The Department of Culture, Media and Sports has just completed a 12-month research project on Local Infrastructure across the UK.

The headline themes are detailed here:

  • Across the UK there was considered no agreed definition of Infrastructure. Infrastructure and its role appear to be agreed locally, against local priorities and needs.
  • Infrastructure was identified to have five functions: facilitating funding, organisational development, advocacy, volunteering, and community participation, and convening or representation.
  • The most direct benefits from Infrastructure accrue to frontline VCSE organisations; with benefits to local communities through stronger frontline organisations and increased volunteering activities; and statutory bodies gain a greater insight of local needs, improvements in commissioning processes and local policy decisions.

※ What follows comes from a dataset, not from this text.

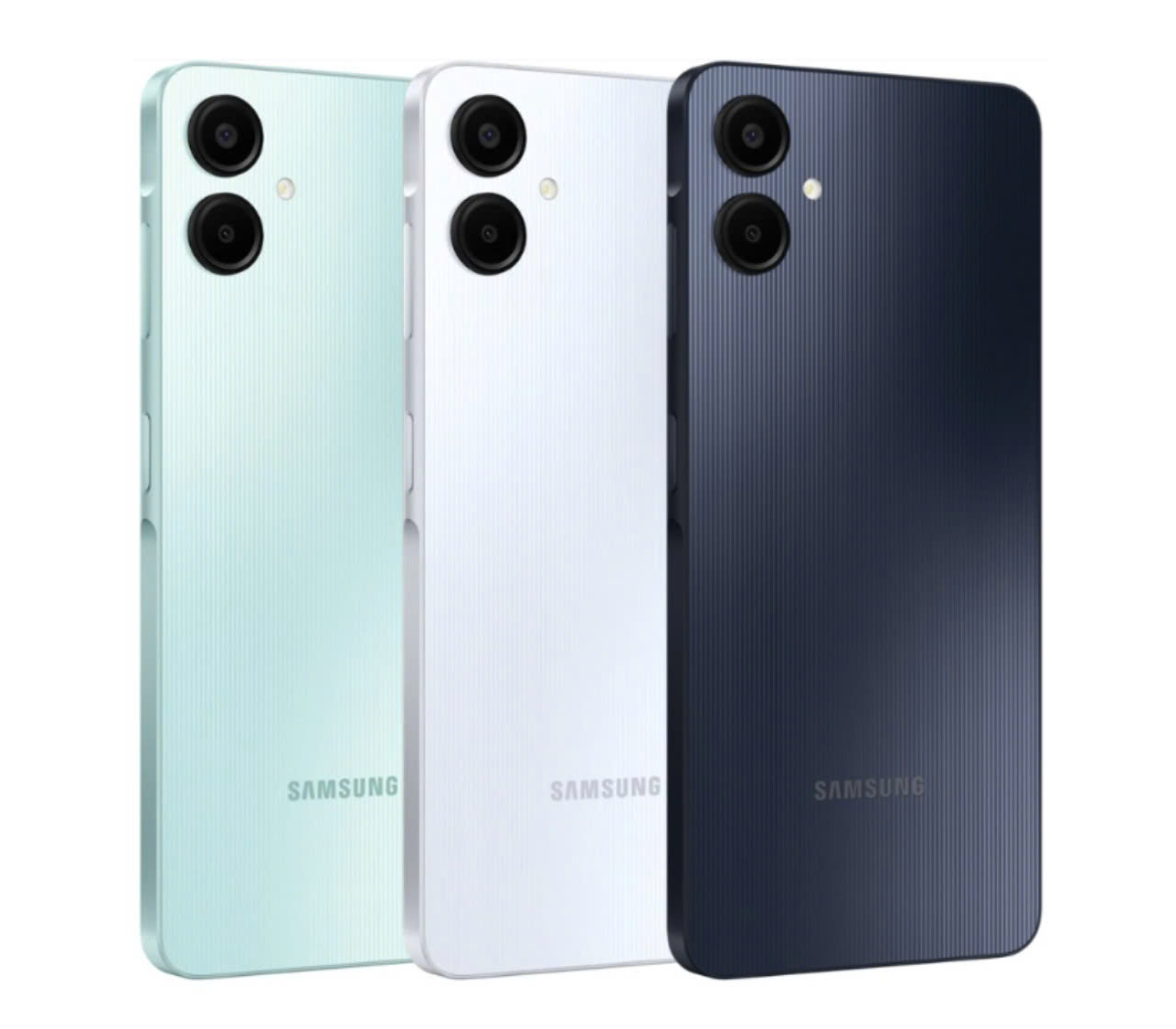 Mặt bên của 4 chiếc Galaxy A06 có màu Xanh Nhạt, Vàng, Xanh Nhạt và Đen được hiển thị. Mặt sau của Galaxy A06 màu đen cũng được hiển thị, làm nổi bật thiết lập camera kép và thiết kế tổng thể mỏng hơn.

The most important factor in the quality of Infrastructure provision is being knowledgeable about the local area.
  • Infrastructure organisations were seen as an effective bridge that can support open and honest communication between the VCS and public bodies especially in context of funding or commissioning relationships. Infrastructure activities led to three broad outcome pathways of: better targeted resources, improved policy making, and increased community trust, empowerment and belonging.
  • There are no simple or straightforward answers to the question of how best to organise, support and strengthen local Infrastructure. Infrastructure works best when there is a close relationship with the public sector. This is easiest to achieve when decision-makers in local government and health systems take a strategic interest in Infrastructure that comes from a recognition of its value and its ability to contribute to their own priorities.
  • Strengthening Infrastructure will almost certainly continue to rest on taking a local first approach and on ensuring that any reform is delivered with patience, sufficient resource and recognition of local concern and sensitivities. Enabling strong Infrastructure is based on a combination of factors: funding, local knowledge, effective relationships, and support.

SAWN’s comments:

There is nothing new about these headline themes. Most worrying is that after many decades of having Infrastructure across the UK the DCMS have not worked with local organisations to arrive at a definition. The very fact that there isn’t one nationally is a weakness and detracts against the fantastic work that Infrastructure organisations do across the UK. SAWN is clear about the essential aspects of its work: Supporting Community organisations to survive and thrive: Delivering volunteering initiatives: Advocating for the sector (never more needed in these challenging times): Representing the sector as honest brokers and proffering the VCS as a solution to some of the issues the Local Authority and out Health colleagues face. Infrastructure needs support though: It needs support from the rest of the VCS so we can stand together and exert pressure on our systems to examine us in closer detail and use us as agents of service delivery. It also needs funding appropriately. You cannot make a silk purse out of a sow’s ear, and as more of the VCS is required to prop communities, Infrastructure needs to be there to provide that wrap around support.